A-shares ended in the first half of 2022. As of the close on June 30, the Shanghai Stock Exchange Index rose 1.1% to close at 3398.62 points. It rose 4.5% in the second quarter and is still down 6.63% this year. - DayDayNews

Legend: In the first half of 2022, the CSI 300 Index outperformed the S&P Index. Source: Wind

Bloomberg News reported that the recent performance of mainland and Hong Kong stocks has attracted the attention of global investors. Among them, the CSI 300 Index outperformed the S&P in June. The 500-point increase was the largest in more than seven years.

Since the forecast price-to-earnings ratio of the CSI 300 is currently only at the average level of the past three years, and the valuation is not expensive, and the stock market is more resilient to stimulus policies and economic recovery expectations, investors have higher expectations for the performance of the Chinese stock market in the second half of the year than that of national bonds. and the RMB exchange rate market.

A-shares ended in the first half of 2022. As of the close on June 30, the Shanghai Stock Exchange Index rose 1.1% to close at 3398.62 points.
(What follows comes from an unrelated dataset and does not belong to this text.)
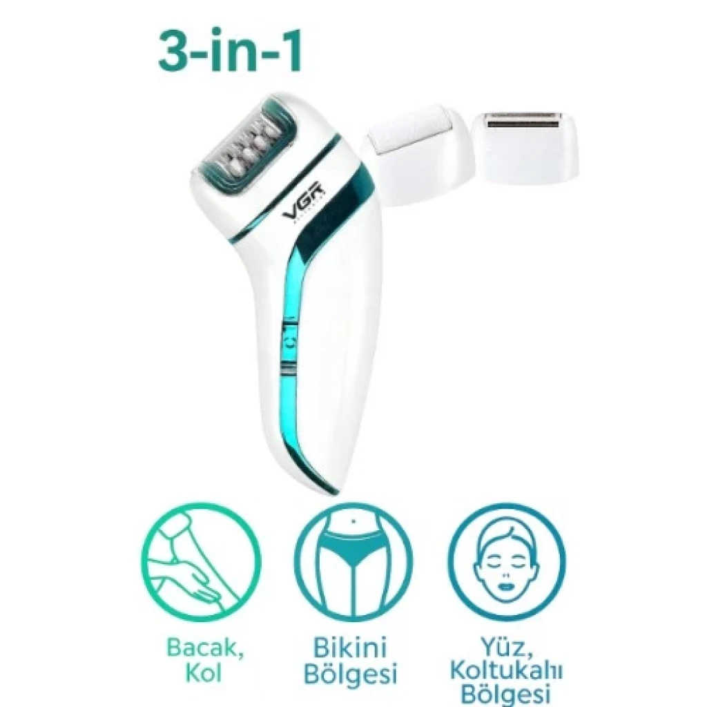 PROFESYONEL 3 BAŞLIKLI EPİLASYON ALETİÜrün ÖzellikleriProfesyonel 3 Başlıklı Epilasyon Aleti, farklı bölgeler için özel olarak tasarlanmış üç farklı başlığı sayesinde pratik ve etkili bir kullanım sunar. Yüz, bacak, koltuk altı, bikini bölgesi ve hassas bölgelerde kullanılabilir. Döner epilasyon başlığı istenmeyen tüyleri kökünden alarak pürüzsüz bir cilt sağlar. Tıraş başlığı hızlı ve kolay kullanım için idealdir, topuk törpü başlığı ise ayak bakımında etkili sonuç verir. Ergonomik tasarımı sayesinde elde rahat kavrama sağlar ve uzun süreli kullanımda bile konfor sunar. Şarjlı yapısıyla kablo karmaşası olmadan pratik kullanım imkânı sunar.Paket İçeriği1 adet Profesyonel 3 Başlıklı Epilasyon Aleti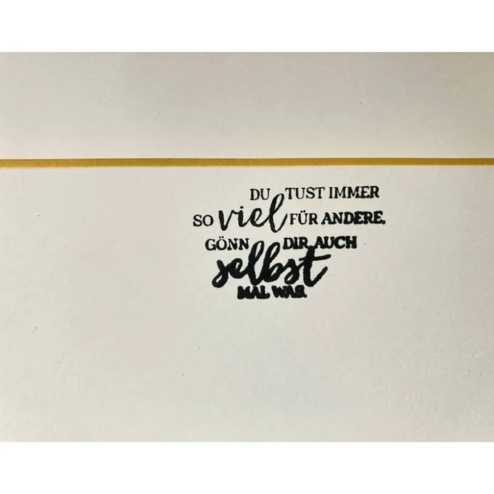 Im Innern der Karte ziert der Spruch „ Du Tust immer so viel für andere, gönn Dir auch selbst mal was“ die Karte.

It rose 4.5% in the second quarter and is still down 6.63% this year. - DayDayNews

2. Goldman Sachs believes that Chinese stocks may become a bright spot

Goldman Sachs Group believes that Chinese stocks will become a bright spot as concerns about a global economic recession cause stocks in other developing countries to plummet.

Goldman Sachs strategists Caesar Maasry and Jolene Zhong said in a report on Friday that based on analysis of past market declines, if the United States falls into a recession, emerging market stocks could fall another 8% to 15%, which would give MSCI China index presents opportunities as improving macroeconomic indicators will boost the index's performance.

They wrote:

“Despite concerns that the U.S. may slip into recession, we expect Chinese stocks to continue to be driven by domestic economic activity and not correlate with other emerging market stocks, at least in the short term.

The MSCI Emerging Markets Index has fallen about 19% this year due to rampant inflation and central bank actions to curb it.

Goldman Sachs strategists noted that if the S&P 500 index the MSCI Emerging Markets Index would fall on average by at least 10% It fell 26%, so the current decline is not enough. The S&P 500 index is down about 20% from the high reached in January.